Он держал в руках только что полученное письмо и, перечитав его два раза, вздохнул. Потом прислушался. Через минуту опять — скорее чутьем, чем ухом — ощутил чьи-то шаги и оглянулся: кто-то пришел, разделся в прихожей и кашлянул. Старик воззрился.
— Здравствуйте! — сказал вошедший, близко подходя к нему.
Оферов поднял голову и уставился на гостя в недоумении: незнакомый молодой человек.
— Здравствуйте! — повторил гость, — я уж третий раз подаю голос, а вы будто не слышите?
— Не слышу и есть: еще на свадьбе Неулыбова ушито заложило, глуховат я с той поры. Говорите громче.

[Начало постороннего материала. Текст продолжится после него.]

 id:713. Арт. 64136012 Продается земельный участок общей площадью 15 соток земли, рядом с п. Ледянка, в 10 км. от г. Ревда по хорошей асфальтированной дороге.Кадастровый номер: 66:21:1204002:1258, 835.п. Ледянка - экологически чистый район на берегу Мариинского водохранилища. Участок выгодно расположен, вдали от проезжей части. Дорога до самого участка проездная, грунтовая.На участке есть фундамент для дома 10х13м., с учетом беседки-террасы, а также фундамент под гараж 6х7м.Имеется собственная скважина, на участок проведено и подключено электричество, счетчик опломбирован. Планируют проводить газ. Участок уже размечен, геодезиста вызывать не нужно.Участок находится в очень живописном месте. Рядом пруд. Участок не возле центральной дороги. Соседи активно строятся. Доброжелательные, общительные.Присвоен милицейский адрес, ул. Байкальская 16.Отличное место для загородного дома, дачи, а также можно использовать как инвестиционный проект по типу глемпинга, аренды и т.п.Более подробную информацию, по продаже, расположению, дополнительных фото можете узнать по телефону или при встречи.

— Моя фамилия Бушуев, — повысил голос гость. — Только что с поезда. Письмо получили?
Лицо Алексея расплылось в улыбку.
— Письмо? Насчет вас? милости прошу!
Он встал и, пожав руку гостя, показал на стул. Оба сели.
— Вы, значит, тот самый писатель Бушуев, который в нашей губернской газете пишет? — Он близко подвинулся к гостю. — По каким делам в наши-то места? Надолго ли?
Оферов внимательно осмотрел невзрачную фигуру в суконной блузе, с длинными волосами, с длинным носом и маленькой бородкой.
— Очень просто! — придвигаясь к глухому, сказал писатель, — теперь по всему государству аресты да высылки идут. Вот и меня выслали! Хе-хе! назначен я сюда на временное жительство. Квартиру мне надо!
Оферов заволновался.
— Вот оно какое дело-то! У меня-то негде, семья. У Челяка разве? Слыхали про него? Так у него две учительши живут, а вот к Федору Неулыбову — небось говорили вам про такого? В самый бы раз тебе!.. Воротился он из Сибири-то! Живут бедно, ему бы на руку было! Весь перед у него все время пустой стоял, да вот недавно доктор приехал, молодой, одинокий, у него и поселился. Уж не знаю, как и быть! Надо послать за Челяком, он запряжет лошадь и съездим: Неулыбов-то далеко, на том конце живет!
Они вышли в переднюю. Хозяин тотчас же послал работника за Челяком. Потом перешли в небольшую столовую, сели за стол.
— Как у вас тут тихо, на селе-то! — сказал приезжий, — словно вымерли все.
— Тихо? — переспросил Оферов, — это снаружи тихо, а ежели узнать да вникнуть, — он махнул рукой и покосился на окошко, — не больно тихо у нас.
— А что?
— Волнение пошло в народе… шатание ума! Почитай что в каждой избе дети с отцами на ножах — палачутся! На сходе стон стоит! Разбились на партии, и каждая, значит, свою линию гнет! Чуть не до драки! Зашевелился народ — обедняли все, озлились. Земский начальник разжигает: если шапку перед ним не снимут — человек по двадцать в арестанку сажает. Да у нас сроду никто не ломает шапки ни перед кем, окромя своих. Урядник парней да девок с улицы разгоняет — песни петь не велит! Вот оно и тихо. А внутри — кипит у каждого!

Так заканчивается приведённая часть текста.